Curiosamente, los castillos de esos fuegos –el momento cumbre de muchas fiestas de pueblo y ciudad en mis visitas al norte de mi país en mi niñez- apenas se conocen en Teutonia.

Por otro lado, como todos los años tengo que adquirir esos peligrosos juguetes para mis hijos, me quedé asombrado cuando descubrí que existe toda una Industria Pirotécnica alemana, teniendo en cuenta que lo que más se suele ver en este país son productos importados, principalmente de China.

Lo fascinante para mí, empero, lo constituye el hecho de que la pólvora, es decir, uno de los canales expresivos del espíritu violento y guerrero y poco dado a querer entenderse del Mono Sapiens –aún en estos días que muchos creen solo de ‘Gran Desarrollo’ civilizado-, fomentó otro gran avance: el de la metalurgia.

Y el dominio de los metales, les abrió a los europeos varios frentes en el mundo.

La llamada Conquista de América por los españoles, para empezar, no hubiera sido posible sin el desarrollo de los metales utilizados en sus armas, sus armaduras de hierro, herramientas e instrumentos. Incluso los de navegación.

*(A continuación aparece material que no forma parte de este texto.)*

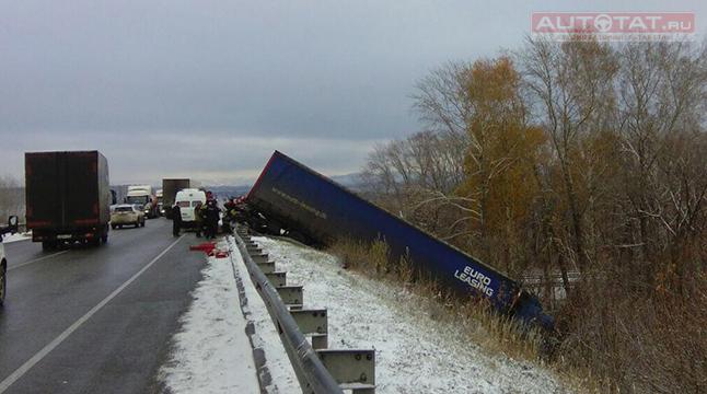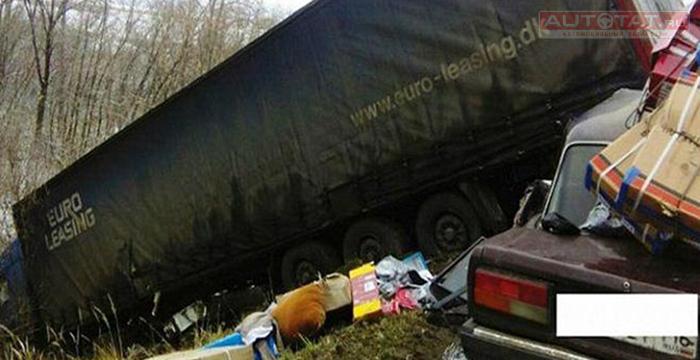 В Татарстане легковушка влетела в прицеп вылетевшей в кювет фуры.
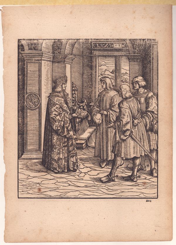 woodcut, 33 x 23.5 cm, 1775 edition of Der Weisskunig, printed on laid paper, sheet in good condition except for slight browning, glued along the upper margin on a modern passe-partout. Bartsch 80
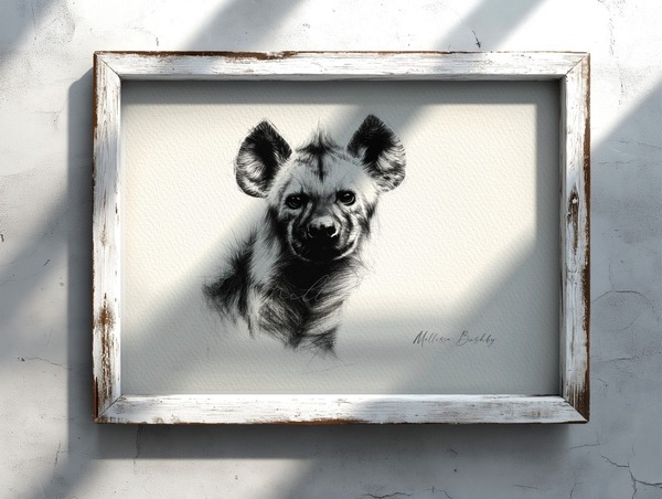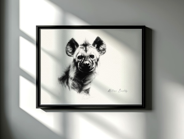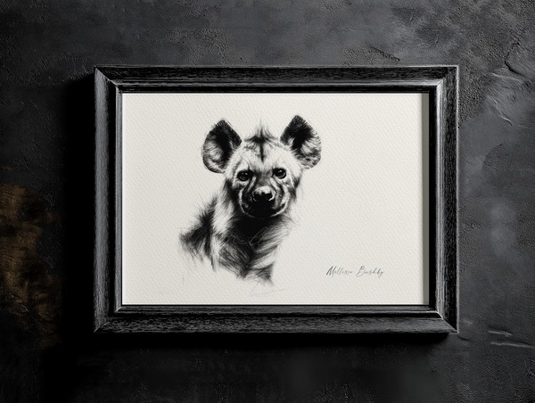 Rendered in ink and graphite, this hyena emerges from shadow with quiet intensity. A creature so often misunderstood, yet vital to the wild. A symbol of resilience, intelligence, and the uneasy beauty of nature’s balance, he speaks to the hidden lives that thrive beyond our fear and folklore.
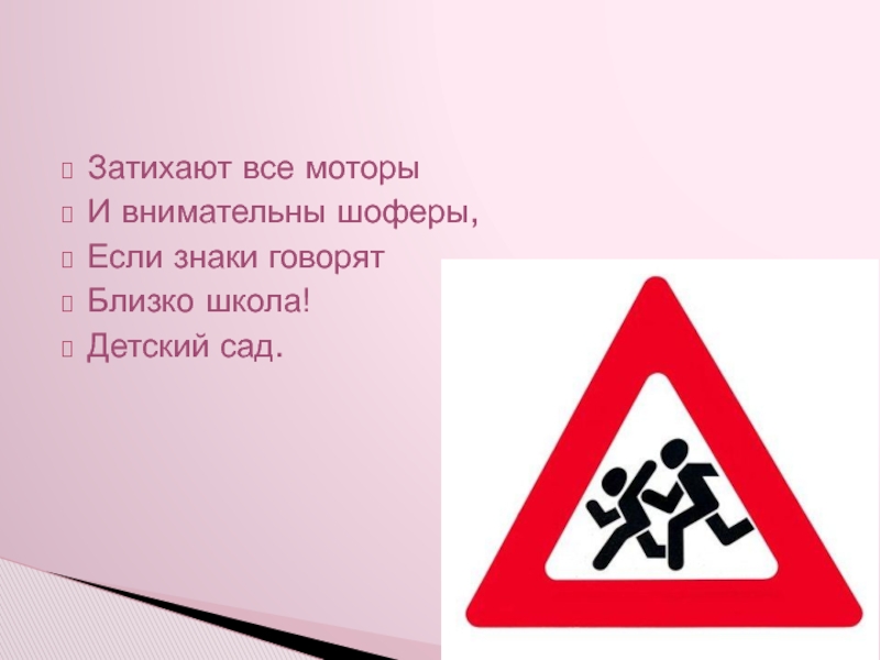 Затихают все моторыИ внимательны шоферы,Если знаки говорятБлизко школа! Детский сад.
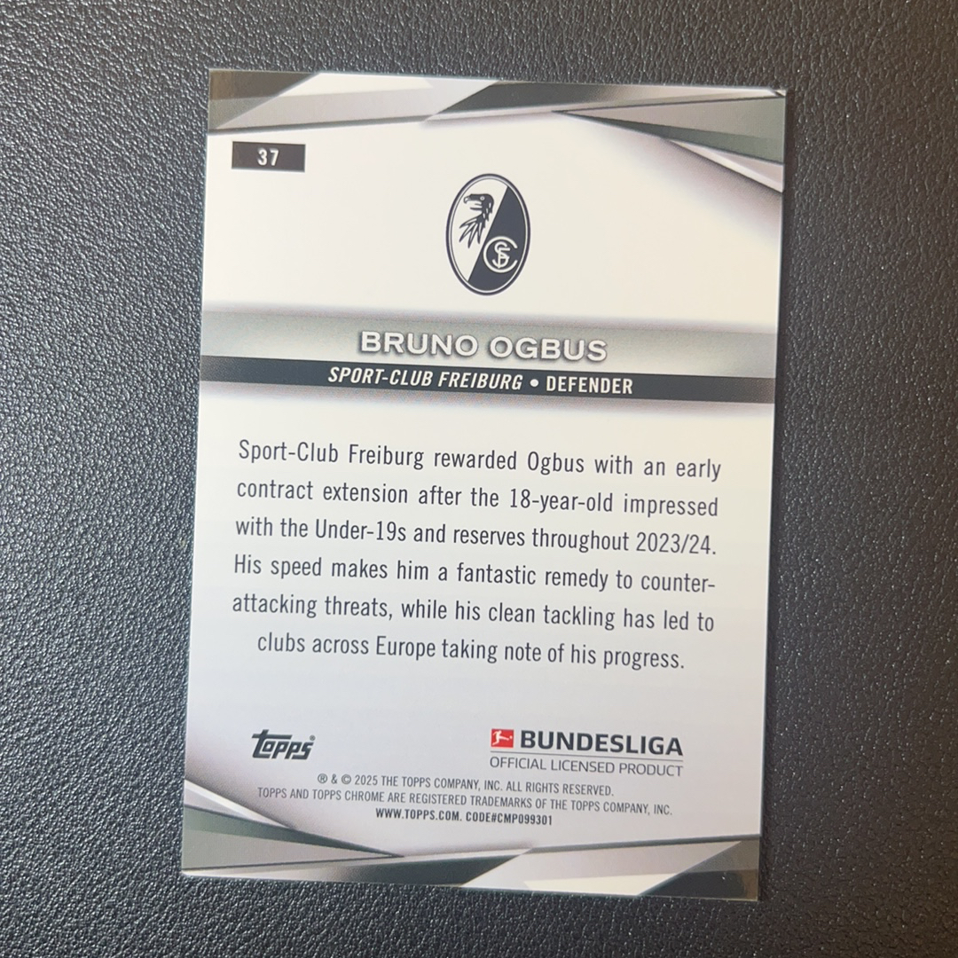 2024-25 Topps Chrome Bruno Ogbus RC 新秀 布鲁诺 奥布斯 瑞士 弗莱堡 05/25编 低编 橙折 Bundesliga 德甲TC 轻印-SY9117
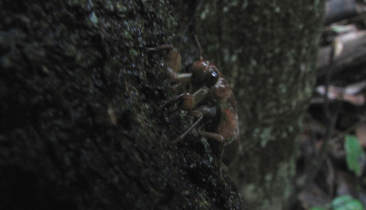 昼過ぎ、一匹のセミの幼虫が木に登り始めました。

La importancia de las armaduras de los llamados conquistadores, por otra parte, es algo a lo que no se le ha dado la importancia debida en esa llamada conquista.

¡Ya quisiera ver yo la cara que pondrían algunos –en el mundo de hoy- al ver aparecer de pronto criaturas con armas desconocidas y provistas de un traje que las hiciera inmunes a las balas, por ejemplo!

Y lo mismo se podría decir sobre los caballos de los españoles de entonces.

Tienen que haber causado verdadero terror entre los Incas y Aztecas esos ‘gigantescos’ animales totalmente desconocidos para ellos.

Para estos últimos, el animal doméstico más grande, si no estoy equivocado, era el guajolote o pavo. Los incas, por su parte, se servían de los auquénidos como la llama y la alpaca, pero solo como proveedores de alimento y como animales de carga; relativamente pequeños y pocos dados a correr, por lo demás.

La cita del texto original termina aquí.